[Série Les Millennials] Fini la génération James Dean qui ne pensait qu’à une chose : passer son permis dès 18 ans et avoir une voiture. Les Millennials retardent ce passage à l’âge adulte et imaginent une autre civilisation automobile, autonome, propre et connectée.

Pour les Millennials, la voiture n'est plus un rêve, juste un service
L’industrie automobile va subir dans les cinq prochaines années une transformation plus profonde que durant les quatre-vingt-dix dernières années. (Crédits : DR)

« Je ne sais pas ce que sera le monde de l’automobile dans cinq ans », dit l’un.

« L’industrie automobile va subir dans les cinq prochaines années une transformation plus profonde que durant les quatre-vingt-dix dernières années », déclare un autre…

Ces propos, tenus par des professionnels de l’automobile, trahissent une réelle angoisse de manquer la triple révolution actuellement à l’oeuvre : la connectivité, l’autonomie et les mobilités alternatives.

Si, sur les deux premiers sujets, les constructeurs peuvent encore avoir la main grâce à la maîtrise des procédés industriels, ils s’interrogent sur le troisième thème dont les transformations sont les plus avancées. En effet, en quelques années à peine, de nouvelles formes de mobilités se sont imposées : les VTC avec Uber, le covoiturage avec BlaBlaCar, les locations urbaines AutoLib, ou les locations entre particuliers, comme Drivy ou Ouicar. Très souvent, ce sont les jeunes qui ont été les premiers à s’engouffrer dans ces offres.

« La contrainte économique est très forte pour les jeunes générations. Elle les conduit à réfléchir à des solutions alternatives », explique Guillaume Crunelle, associé responsable industrie Automobile chez Deloitte.

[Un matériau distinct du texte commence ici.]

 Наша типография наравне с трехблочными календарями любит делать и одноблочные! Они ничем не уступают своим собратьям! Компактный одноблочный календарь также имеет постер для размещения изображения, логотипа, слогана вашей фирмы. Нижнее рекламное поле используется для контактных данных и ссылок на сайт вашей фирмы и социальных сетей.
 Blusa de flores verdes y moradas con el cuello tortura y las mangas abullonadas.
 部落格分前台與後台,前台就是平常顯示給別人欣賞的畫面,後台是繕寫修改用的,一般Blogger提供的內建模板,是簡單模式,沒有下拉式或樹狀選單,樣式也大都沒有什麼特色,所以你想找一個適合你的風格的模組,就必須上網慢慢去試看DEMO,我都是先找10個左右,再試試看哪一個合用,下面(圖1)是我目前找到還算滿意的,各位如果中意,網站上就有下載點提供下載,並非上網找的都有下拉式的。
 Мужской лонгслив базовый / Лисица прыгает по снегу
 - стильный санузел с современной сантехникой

Bertrand Rakoto, analyste automobile, abonde en ce sens : « Ils cherchent des solutions pour que l’achat d’une voiture puisse être, d’une certaine façon, rentabilisé. »

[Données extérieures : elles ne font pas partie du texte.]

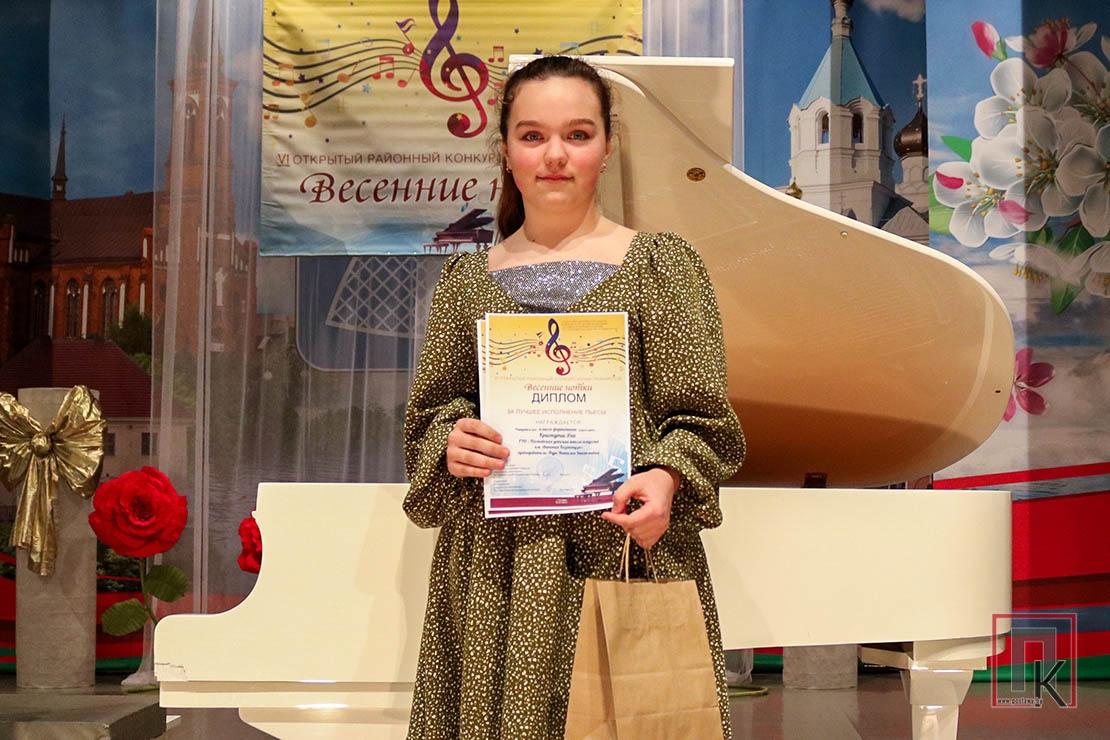 Увогуле, прадстаўнікі судзейскай калегіі не паскупіліся на ўзнагароды і раздзялілі ўсе прызавыя месцы. Калі гаварыць пра нашых канкурсантаў, то ў малодшай «А» групе дыпломамі І ступені ўзнагароджаны Валерыя Шакола, Арына Петух і Дар’я Пачкоўская, ІІ ступені — Марыя Дзісько і Вераніка Татун з Варапаеўскай ДШМ, ІІІ ступені — Лізавета Падгайская. У малодшай «Б» групе, акрамя Варвары Базелевай, дыпломаў І ступені ўдастоены Надзея Амяльчак і Аляксандра Новікава, ІІ ступені — Дамініка Борыс і Ганна Лысёнак, ІІІ ступені — Аліса Юркова, Паліна Балай з Варапаеўскай ДШМ і Васіліса Валабуева з Навасёлкаўскага філіяла. У сярэдняй групе 2-е месца і адпаведны дыплом у Ксеніі Тамілінай, 3-е месца — у Дар’і Грэські і Паліны Януш. У старэйшай узроставай групе 2-е месца заняла Ганна Колесень. Гран-пры конкурсу сёлета дастаўся навучэнцу Лепельскай ДШМ Максіму Мігно.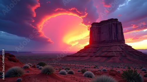 swirling vortex clouds envelops rugged rock formation warm golden light casts long shadows across desert landscape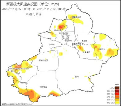 2025年11月5日08時至6日08時新疆大風(fēng)實況圖 (央廣網(wǎng)發(fā) 新疆氣象局供圖)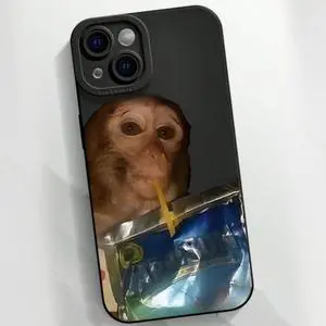 for iPhone12 13 14 15 16Pro Max Monkey Drinking Water Phone Case Silicone TPU (Black, IP 15)
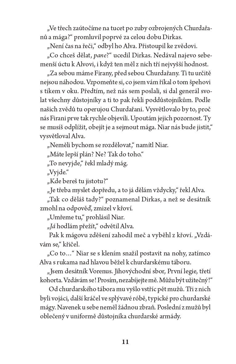 Největším tahounem celého románu je bezpochyby hlavní hrdina Alva Vorenus, velitel výzvědných sil a chlap, který si rozhodně nebere servítky. Je to neuvěřitelný, ukázkový alfa samec v tom nejlepším slova smyslu, jehož moudrost, obratnost a chladná racionalita vás prostě budou bavit. I když je synem samotného velemága, paradoxně nezdědil vůbec žádné magické nadání, a navíc patří mezi pouhé tři přeživší po zpackaném teleportu celé vojenské legie. Právě absence magie ho nutí spoléhat se na vlastní intelekt, bystrý úsudek a schopnost číst mezi řádky ve světě plném lží a přetvářky. Jeho vyšetřování tvoří neochvějnou páteř celé knihy a Vorenus je zkrátka průvodcem, kterého byste v temné uličce stoprocentně chtěli mít po svém boku.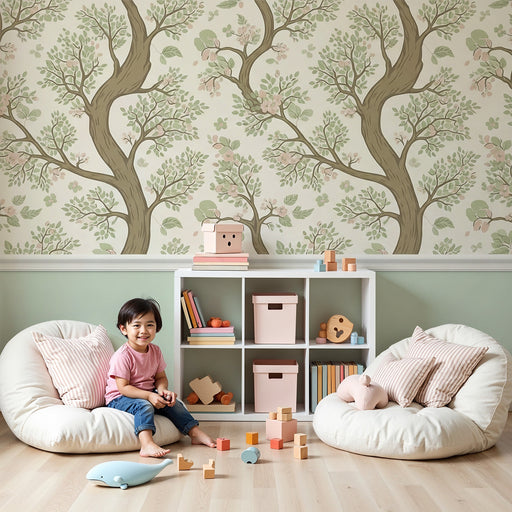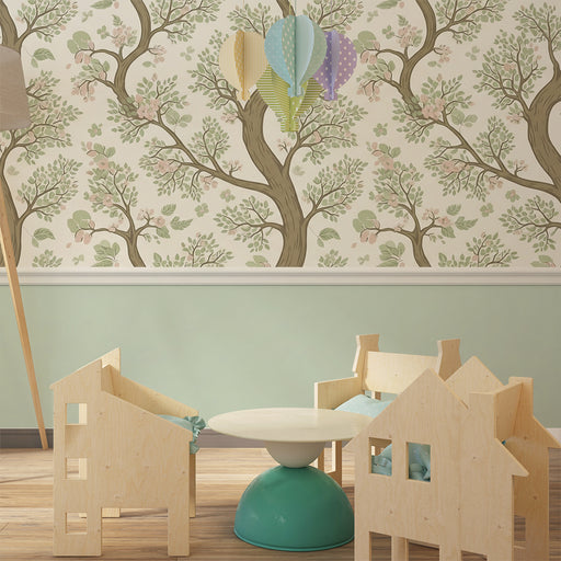 KidsWallTurn your baby's room into a magical garden with this nursery wallpaper featuring majestic flowering trees. The delicate branches, adorned with gre...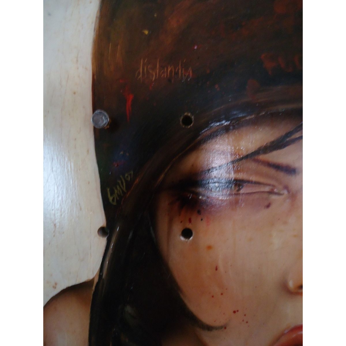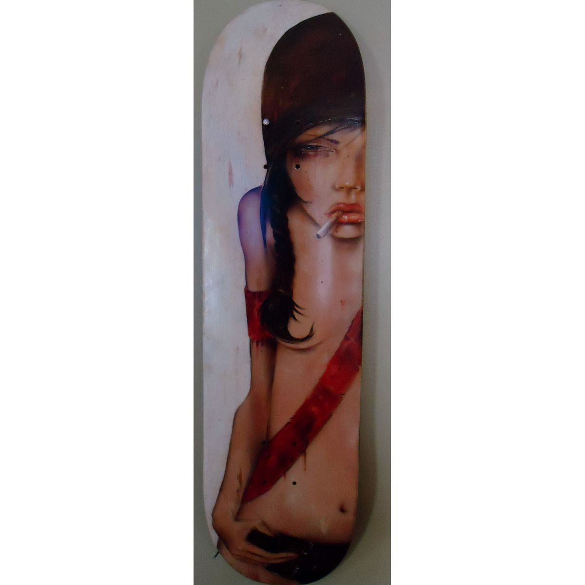 Oil paint is a type of slow-drying paint that consists of particles of pigment suspended in a drying oil, commonly linseed oil. The viscosity of the paint may be modified by the addition of a solvent such as turpentine or white spirit, and varnish may be added to increase the glossiness of the dried film. Oil paints have been used in Europe since the 12th century for simple decoration, but were not widely adopted as an artistic medium until the early 15th century. Common modern applications of oil paint are in finishing and protection of wood in buildings and exposed metal structures such as ships and bridges. Its hard-wearing properties and luminous colors make it desirable for both interior and exterior use on wood and metal. Due to its slow-drying properties, it has recently been used in paint-on-glass animation. Thickness of coat has considerable bearing on time required for drying: thin coats of oil paint dry relatively quickly. Celebrated fetish artist Brian M. Viveros is internationally embraced for his erotic paintings of doe-eyed beauties with Marlboros dangling seductively from their lips and has also recently been utilizing the medium of film to capture the dark and evocative debris that radiates from his mind. His paintings are a drunken mix of oil, airbrush, acrylic, and ink. In his work Viveros shines a light on his own inner world and society at large and aims to captivate even the most jaded eyes.

Pour les constructeurs, la menace est de voir une génération entière renoncer à la sacro-sainte propriété automobile, au profit de ces alternatives. Ils craignent pardessus tout que ce comportement, initié par la contrainte financière, s’installe à terme dans les moeurs.

Louer… jusqu’au retour du désir de propriété

Les constructeurs restent toutefois persuadés que les jeunes, surtout lorsqu’ils ne vivent pas à l’intérieur de Paris, veulent toujours posséder leur voiture. Peter Schwarzenbauer, membre du directoire de BMW, a récemment déclaré :

« On a constaté qu’au bout d’un moment, les jeunes en ont un peu marre de l’autopartage, et il y a une rupture autour de 35/38 ans, où ils ont envie de posséder leur propre voiture. »

Les jeunes « veulent toujours posséder leur voiture, mais ils veulent changer de business model », confirme Bertrand Rakoto.

Ainsi, la première réaction des constructeurs a été de multiplier les offres de financement alternatives. Il n’est plus rare d’aller chez son concessionnaire et ressortir avec une voiture financée par un « loyer », comprendre du leasing.

Une véritable martingale pour les constructeurs, puisque cette solution permet de fidéliser les clients qui se voient proposer une nouvelle offre tous les trois ou quatre ans. Et les constructeurs musclent leur proposition en lui associant divers services : assurance, maintenance… Alléchant ! Mais les jeunes ne sont pas toujours éligibles aux règles prudentielles qui régissent ces formes de financement.

Dépasser le vieux modèle productiviste

En outre, les jeunes ont d’autres aspirations.

Comme l’explique Guillaume Crunelle (Deloitte), « les jeunes se posent moins la question de posséder une voiture que de trouver le moyen d’accomplir un trajet ».

Autrement dit, peu importe le moyen : le jeune veut aller d’un point A à un point B, à un coût moindre. Et, de ce point de vue, les constructeurs paraissent désarmés.

Certes, ils ont identifié le problème depuis longtemps et travaillent d’arrache-pied pour trouver des réponses. Ils ont lancé des services dans tous les sens, des applications ; ils rachètent des startups, ils fondent des incubateurs en espérant saisir l’idée de génie, et mettent en place des chasseurs de talents.

« Les constructeurs disent aujourd’hui „nous avons compris”, mais certains hésitent encore à prendre des décisions structurantes susceptibles de remettre en cause une partie de leur modèle industriel », constate Guillaume Crunelle.

Plus que le modèle industriel, c’est la culture productiviste de l’industrie automobile qui pose question. Les industriels tentent d’entrer dans l’univers du digital, mais sans avoir la souplesse organisationnelle ni l’audace novatrice. Il leur faudra des années pour assimiler ce monde nouveau. Peut-être en faisant des gros chèques, comme récemment General Motors, qui a racheté Lyft, le concurrent d’Uber.